*** Block opens ***
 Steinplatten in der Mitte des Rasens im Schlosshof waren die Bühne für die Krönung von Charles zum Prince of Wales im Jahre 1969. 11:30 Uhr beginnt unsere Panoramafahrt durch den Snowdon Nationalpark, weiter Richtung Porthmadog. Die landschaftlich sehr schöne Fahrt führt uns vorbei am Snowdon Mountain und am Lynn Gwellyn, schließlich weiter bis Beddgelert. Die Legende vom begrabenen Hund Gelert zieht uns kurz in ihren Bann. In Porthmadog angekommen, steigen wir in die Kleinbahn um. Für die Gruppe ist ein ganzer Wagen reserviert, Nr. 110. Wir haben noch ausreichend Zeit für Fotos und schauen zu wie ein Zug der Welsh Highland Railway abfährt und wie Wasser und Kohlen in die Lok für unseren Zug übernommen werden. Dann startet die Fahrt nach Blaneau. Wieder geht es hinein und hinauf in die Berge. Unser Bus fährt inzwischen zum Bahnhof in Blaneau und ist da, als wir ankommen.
*** Block closes ***
*** Block opens ***
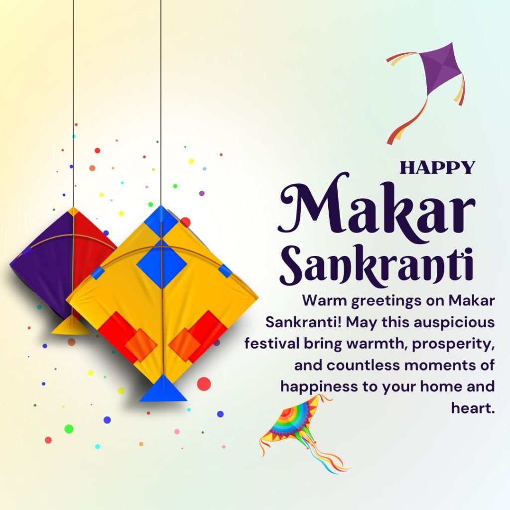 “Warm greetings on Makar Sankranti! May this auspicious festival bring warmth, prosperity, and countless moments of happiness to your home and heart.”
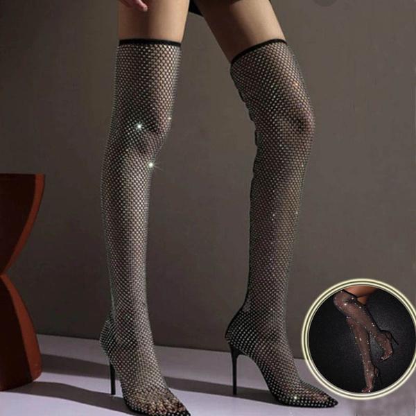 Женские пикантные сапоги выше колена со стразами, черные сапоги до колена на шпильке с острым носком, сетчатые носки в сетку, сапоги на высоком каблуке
*** Block closes ***
*** Block opens ***
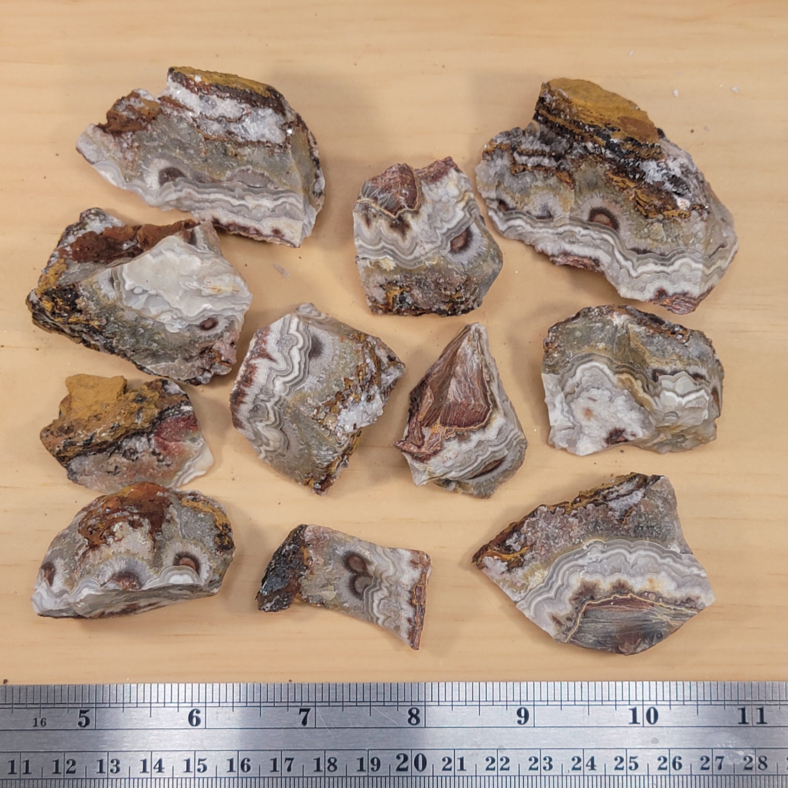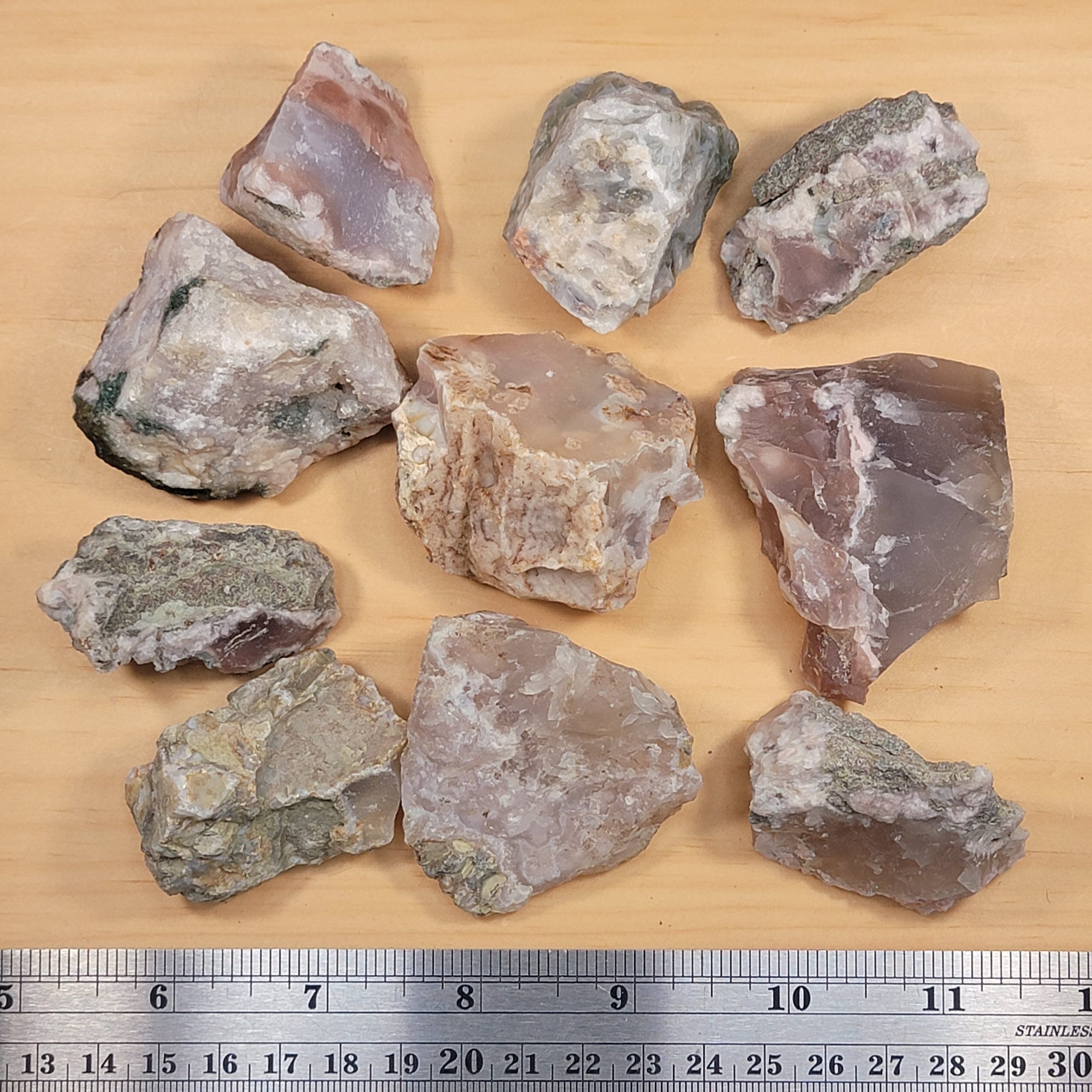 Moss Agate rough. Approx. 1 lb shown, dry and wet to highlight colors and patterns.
*** Block closes ***
YOUR INSTRUCTIONS: Leaving every picture aside, reproduce exactly the lines above from the one with "greetings on Makar" up to and including the one with "Женские пикантные сапоги", and no others.

RESULT OF THE EXERCISE:
 “Warm greetings on Makar Sankranti! May this auspicious festival bring warmth, prosperity, and countless moments of happiness to your home and heart.”
 Женские пикантные сапоги выше колена со стразами, черные сапоги до колена на шпильке с острым носком, сетчатые носки в сетку, сапоги на высоком каблуке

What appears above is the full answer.